Wraeththu combine male and female 'by favouring the male'. Basically
Wraeththu appear male, ranging from the tall masculine type via the
beautiful boyish to the downright androgynous feminine.
But they take a few things from women: pussy, or something like it [I never
quite worked that one out], the ability to bear young, and the style, grace,
elegance, extravagant clothes and big hair.
If I were god and had the opportunity to redesign humanity according to my
own specifications, I would have created something very like Wraeththu.
Constantine wastes relatively little time on the war / conflict between
Wraeththu and humans - neither does she bore us with endless evocations on
how much better than humans Wraeththu are, morally and ethically, though she
does thrill us with Wraeththu's superior beauty and fancy clothing,
beautiful male bodies, and almost inconceivably good sex.

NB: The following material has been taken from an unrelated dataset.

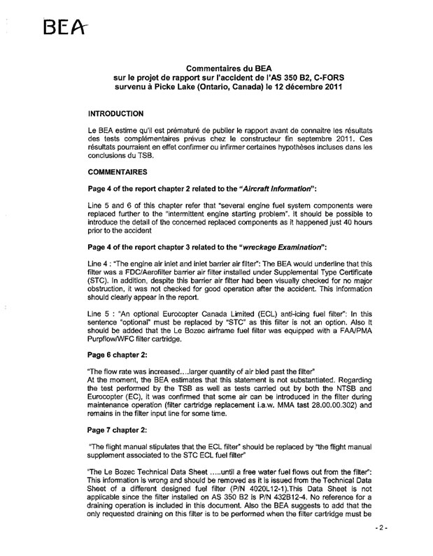 Parallèlement à cette enquête, le 19 décembre 2010, le National Transportation Safety Board (NTSB) a commencé à enquêter sur l'hélicoptère AS 350 B2 (portant l'immatriculation N549AM et le numéro de série 4339), lequel avait subi une perte de puissance moteur à LaMonte (Missouri), aux États–Unis (rapport d'accident no CEN11LA118 du NTSB). Pour faciliter les essais communs, le BST et le NTSB ont partagé l'information entourant ces 2 accidents. Le moteur Arriel 1D1 de Turbomeca dans cet accident a fonctionné sans que l'on décèle d'anomalie. Les circuits carburant des 2 hélicoptères de ces 2 accidents sont identiques, sauf en ce qui a trait au filtre antigivrage ECL. Les essais du circuit carburant effectués en soutien à l'enquête du NTSB ont donné des résultats similaires quant à l'introduction d'air et aux difficultés associées à la purge de l'air du circuit.

Sex and more sex - Wraeththu's superior spiritual and medical and paranormal
abilities are all closely linked to the sexual. Wizards and sorcerers all do
sex magic, easily brushing aside human opposition. When Wraeththu use their
powers, humans drop like flies. But Constantine quickly leads us into the
conflicts that exist within and between Wraeththu. Almost as soon as
Wraehthu come to be, they divide into different tribes with different
lifestyles, cultures and politics.
- the utopian, egalitarian Saltrock Wraeththu, who live peacefully and
openly with humans
- the desert-dwelling Kakkahaar, who cultivate their psychic gifts and
talents, for both good and evil, killing humans through sex, for fun
- The Varrs - war-like as the name implies, they dedicate themselves to
wiping out what's left of humanity and breeding Wraeththu, reviving
human-style gender divisions
- The Gelaming - sanctimonious, patronizing know-it-alls, who think they are
the leading minds of Wraeththu
- The Uigenna - agents of chaos
One might want to dismiss 'Wraeththu' as an internal male story, that
Wraeththu are male hermaphrodites, male androgynes. I am no longer what one
might call entirely female. Sometimes I think that'll do, by way of
definitions. Wraeththu favours the male. Only bio-boys that have not yet
grown to adulthood can become Wraeththu. Yet Storm Constantine is female. So
what dose it mean? Wraeththu is fiction. Wraeththu is fantasy. How literally
are things to be represented? How literally are they to be read? Does a
thing have to be entirely female to avoid being entirely male? Or vice
versa?
SFX condemned a more recent novel by Constantine, not because it was gay,
but because it was homophobic. Is it possible to be both? Is male rape
homosexual or homophobic? Is a rapist by definition het? Rape, by
definition, a het act? Queers, by definition, victims? Victims, by
definition, good?
If these questions fascinate you, if you do not accept the prefab,
queer-approved, politically correct answers to them, then you are bound to
enjoy 'Wraeththu'.
'Wraeththu' is a bio-girl dream of what humanity could be:
- not love and peace
- not social justice and equality
- not goodness and kindness and gentleness, that's the bio-boy dream
- but the supremacy of the Id over the Ego
- of beauty and violence and passion and intimacy
- of magic and pleasure and life of the senses
- of spiritual enlightenment through darkness
- of experience over scholarliness
- of emotion and sensation, the private and personal
- the supremacy of quality over morality
There are those who think that sensual pleasures are easy, easier than being
good, that sex is easy, that it weakens the spirit and the soul instead of
strengthening it, that there is nobility in asceticism.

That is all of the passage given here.